Returns and Satisfaction Guarantee
Harry and David offers a “100% Satisfaction Guarantee,” which sounds great on paper. In practice, here's how it works: if your gift arrives damaged or you're unhappy with the quality, you can contact customer service for a replacement or refund. For perishable items, they typically issue a full refund or send a replacement shipment.
The catch? Getting through to customer service during the holiday season can take 30 to 60 minutes on hold. Their online chat is faster, and email requests usually get resolved within 48 hours. If you have a problem, document it with photos and reach out via chat first.

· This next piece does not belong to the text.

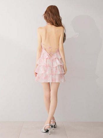 XSあり!バックスタイルまでこだわった一着♡ 【ROBEdeFLEURS/ローブドフルール】花柄プリント シフォン ホルターネック ティアード フレアミニドレス(fm4502)

Who Harry and David Is (and Isn't) For
Harry and David is perfect for:
- Corporate gifting where presentation matters
- Holiday gifts for people who are hard to shop for
- Anyone who wants to send premium pears (seriously, the pears are that good)
- Sympathy, thank-you, and congratulatory gifts that need to look polished
- People who value convenience and don't mind paying for it
Harry and David is not ideal for:
- Budget shoppers looking for the best food-per-dollar ratio
- People who want artisan or small-batch specialty foods
- International gift-giving
- Last-minute holiday orders (you'll stress yourself out)
- Buying food for your own household (the markup doesn't make sense)
The Bottom Line
Harry and David occupies a very specific niche in the gift market. They sell good food in beautiful packaging at premium prices. For their core products (Royal Riviera Pears, Moose Munch, and well-curated gift towers), the quality backs up the reputation. You're not getting ripped off. You're paying for a polished gifting experience, and that experience delivers.
But you need to go in with realistic expectations. Not everything in the catalog lives up to the brand's best offerings. Shipping during the holidays is a gamble if you wait too long. And the prices include a significant markup for convenience and presentation that some shoppers won't want to pay.
If you need a reliable, impressive food gift that requires zero creative effort on your part, Harry and David is one of the safest choices in the business. Just order early, stick to the classics, and don't let the upsells tempt you into overspending.